§ **WHAT IS BEING ASKED**: A word-for-word copy of the data, with no images, is the required answer.

Records drawn from a dataset
◇ ◇ ◇ ◇ ◇

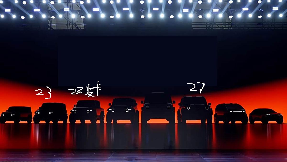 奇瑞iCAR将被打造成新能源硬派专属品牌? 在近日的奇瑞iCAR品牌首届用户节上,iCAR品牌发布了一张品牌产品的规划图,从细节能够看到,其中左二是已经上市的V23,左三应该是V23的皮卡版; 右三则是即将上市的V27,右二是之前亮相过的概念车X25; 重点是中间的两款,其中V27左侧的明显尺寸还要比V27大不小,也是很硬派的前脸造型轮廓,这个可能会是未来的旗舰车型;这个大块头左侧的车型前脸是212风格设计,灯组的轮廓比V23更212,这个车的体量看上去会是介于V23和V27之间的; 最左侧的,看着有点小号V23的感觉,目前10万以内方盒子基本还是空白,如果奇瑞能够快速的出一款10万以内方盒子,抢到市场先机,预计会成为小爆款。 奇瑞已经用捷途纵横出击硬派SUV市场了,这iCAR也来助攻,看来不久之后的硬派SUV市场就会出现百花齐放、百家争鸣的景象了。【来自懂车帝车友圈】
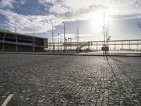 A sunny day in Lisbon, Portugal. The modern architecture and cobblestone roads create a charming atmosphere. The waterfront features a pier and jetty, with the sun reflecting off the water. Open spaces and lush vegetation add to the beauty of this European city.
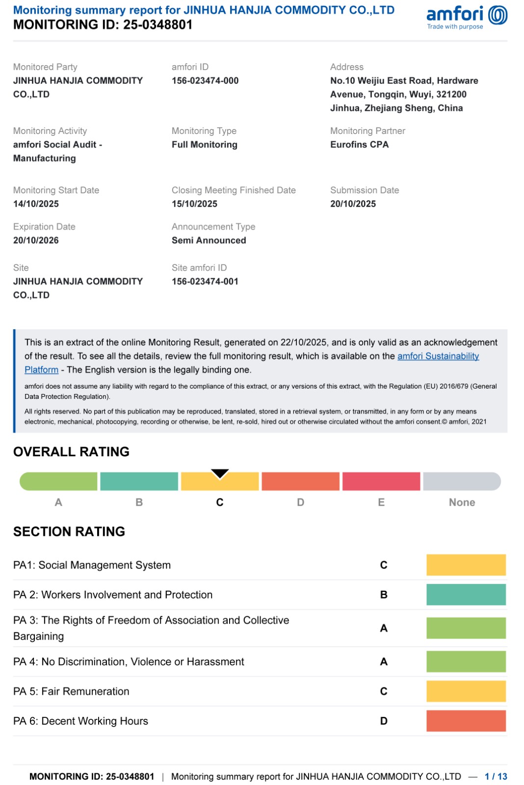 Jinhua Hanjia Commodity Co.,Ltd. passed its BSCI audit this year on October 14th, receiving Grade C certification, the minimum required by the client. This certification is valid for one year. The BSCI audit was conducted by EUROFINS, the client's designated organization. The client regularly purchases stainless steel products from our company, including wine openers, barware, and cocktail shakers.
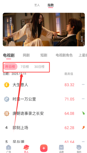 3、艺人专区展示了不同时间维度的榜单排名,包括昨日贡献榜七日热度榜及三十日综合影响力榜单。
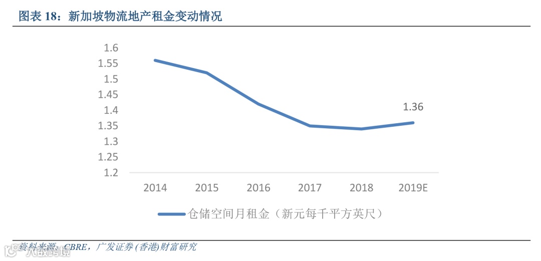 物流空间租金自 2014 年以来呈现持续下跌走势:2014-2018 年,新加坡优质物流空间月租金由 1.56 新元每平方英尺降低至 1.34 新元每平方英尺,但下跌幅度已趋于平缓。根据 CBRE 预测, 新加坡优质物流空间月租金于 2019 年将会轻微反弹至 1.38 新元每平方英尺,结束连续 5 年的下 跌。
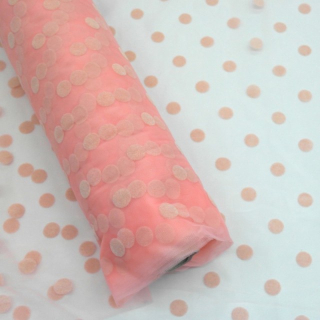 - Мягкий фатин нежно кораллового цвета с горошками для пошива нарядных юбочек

◇ ◇ ◇ ◇ ◇

§ **ANSWER**:
 奇瑞iCAR将被打造成新能源硬派专属品牌? 在近日的奇瑞iCAR品牌首届用户节上,iCAR品牌发布了一张品牌产品的规划图,从细节能够看到,其中左二是已经上市的V23,左三应该是V23的皮卡版; 右三则是即将上市的V27,右二是之前亮相过的概念车X25; 重点是中间的两款,其中V27左侧的明显尺寸还要比V27大不小,也是很硬派的前脸造型轮廓,这个可能会是未来的旗舰车型;这个大块头左侧的车型前脸是212风格设计,灯组的轮廓比V23更212,这个车的体量看上去会是介于V23和V27之间的; 最左侧的,看着有点小号V23的感觉,目前10万以内方盒子基本还是空白,如果奇瑞能够快速的出一款10万以内方盒子,抢到市场先机,预计会成为小爆款。 奇瑞已经用捷途纵横出击硬派SUV市场了,这iCAR也来助攻,看来不久之后的硬派SUV市场就会出现百花齐放、百家争鸣的景象了。【来自懂车帝车友圈】
 A sunny day in Lisbon, Portugal. The modern architecture and cobblestone roads create a charming atmosphere. The waterfront features a pier and jetty, with the sun reflecting off the water. Open spaces and lush vegetation add to the beauty of this European city.
 Jinhua Hanjia Commodity Co.,Ltd. passed its BSCI audit this year on October 14th, receiving Grade C certification, the minimum required by the client. This certification is valid for one year. The BSCI audit was conducted by EUROFINS, the client's designated organization. The client regularly purchases stainless steel products from our company, including wine openers, barware, and cocktail shakers.
 3、艺人专区展示了不同时间维度的榜单排名,包括昨日贡献榜七日热度榜及三十日综合影响力榜单。
 物流空间租金自 2014 年以来呈现持续下跌走势:2014-2018 年,新加坡优质物流空间月租金由 1.56 新元每平方英尺降低至 1.34 新元每平方英尺,但下跌幅度已趋于平缓。根据 CBRE 预测, 新加坡优质物流空间月租金于 2019 年将会轻微反弹至 1.38 新元每平方英尺,结束连续 5 年的下 跌。
 - Мягкий фатин нежно кораллового цвета с горошками для пошива нарядных юбочек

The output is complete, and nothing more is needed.